At The Motley Fool, we poke plenty of fun at Wall Street analysts and their endless cycle of upgrades, downgrades, and "initiating coverage at neutral." Today, we'll show you whether those bigwigs actually know what they're talking about. To help, we've enlisted Motley Fool CAPS to track the long-term performance of Wall Street's best and worst.
Guns versus money
Perhaps still addled by the electrical charges in the atmosphere post-Sandy, Wall Street's making some pretty curious stock picks this morning. On the one hand, analysts at CL King have decided to downgrade shares of two gun companies -- Sturm, Ruger (NYSE:RGR) and Smith & Wesson (NASDAQ:SWBI). Meanwhile, analysts crunching the numbers at a couple of the biggest names in credit cards are taking different tacks on MasterCard (NYSE:MA) and Visa (NYSE:V).
Do these ratings make sense? Let's find out.
Analyst exits the bar, guns blazing
Starting at the top, we find analyst CL King taking a powder on both of the leading publicly traded gun manufacturers today, Smith & Wesson and Sturm, Ruger. Presumably, it's pocketing a profit, too. Over the past year, shares of Sturm are up a respectable 45%, while S&W has totally hit it out of the park -- up 220% and counting.

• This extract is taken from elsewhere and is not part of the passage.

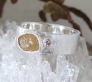 マスタードイエローのオータムカラー*ダイヤモンド原石に小さなシャンパンブラウンダイヤを添えたシルバーリング*実際は画像6枚目のような色合い、ゴツゴツでもさすがの煌めきを放つダイヤモンド原石をお楽しみ下さい*リングは重くなり過ぎない薄手の作りに古鉄錆のようなマット仕上げ、10~18号(推奨サイズ)の範囲を目安に調整可能、サイズ確定後にマットな覆輪で石留め致します*通常、黒化遅延処理を施しますが銀そのものの変化をお好みの場合は処理不要とお申し付けください*黒化防止ロジウムやK14・K18・K18ピンクゴールドコーティングご希望の場合は承ります(別途1000円)

A bird in a hand -- or 220 of 'em -- being worth a whole lot more than however many may be left in the bush, it's hard to fault King for thinking now might be a good time to head for the exits. The potential for gains on fears that "Obama will take away your guns" have pretty much run the course (unless of course these fears get a new boost next week). And with their shares trading for 16 times (Ruger) and 18.6 times earnings (S&W) it's arguable the stocks have run their course...
On the one hand, Ruger at 16 times earnings looks a bit overpriced for an industry that most analysts think will average only about 12% earnings growth over the next five years. The company pays a nice dividend -- 3.3% -- which helps the valuation a bit. But Sturm generates significantly less free cash flow than what it reports as net income under GAAP, suggesting a low quality of earnings and little potential for future growth in the share price.
At Smith & Wesson, in contrast, all the stars seem to align in favor of a positive outlook. The company's sub-19 P/E ratio looks attractive in light of analyst expectations for 22% long-term-earnings growth. Free cash flow is strong -- about 40% higher than the company's reported net income. And the company has more cash in the bank than debt on its books -- a near-pristine balance sheet.
Long story short, I'd be long Smith & Wesson, but short Sturm, Ruger.
And speaking of cash...
Meanwhile, as Wall Street comes down hard on guns today, it's sending us some mixed signals on money. More specifically, electronic money. Credit cards.
Yesterday, MasterCard underwhelmed Wall Street with below-consensus revenue numbers, but still managed to beat on earnings ($6.17 per share). Visa, in contrast, beat on both earnings ($1.54) and revenues ($2.73 billion). This performance won Visa a pair of improved price targets this morning, as Stifel Nicolaus upped its prediction to $156 per share, while Barclays came in just a hair lower at a $155 one-year-price target. Meanwhile, Stifel sliced a few bucks off its guidance for MasterCard, now expected to sell for $527 a share next year.
These conclusions may surprise investors who focus too closely on P/E ratios, given that Visa currently costs 70 times its trailing GAAP earnings, while MasterCard looks like a relative bargain at 28 times. But there is at least some method to Wall Street's madness here.
You see, while both companies generate more cash profit than their income statements suggest, MasterCard's $2.8 billion in free cash flow is only enough to drop its P/FCF ratio down to about 21 -- at best fairly priced, and at worst a bit overvalued, for a 19% grower. In contrast, the gulf between Visa's reported income and its actual free cash flow is just staggering. The company reported earning only $2.1 billion over the past 12 months, while actual cash profit at the company came to more than $4.6 billion.
Granted, I don't think that's enough to justify Visa's premium valuation, which works out to a P/FCF ratio of nearly 46. To my Foolish eye, that's still way too much to pay for a company that most analysts think will achieve only about 21% annual profits growth over the next five years. But it does explain why some analysts might prefer Visa over its rival.
For me, though, as a value investor I guess I just prefer guns over money -- and Smith & Wesson over Sturm, Ruger. Whose advice should you take -- mine, or that of "professional" analysts like CL King, Barclays, and Stifel Nicolaus? Check out my track record on Motley Fool CAPS, and compare it to theirs. Decide for yourself whom to believe.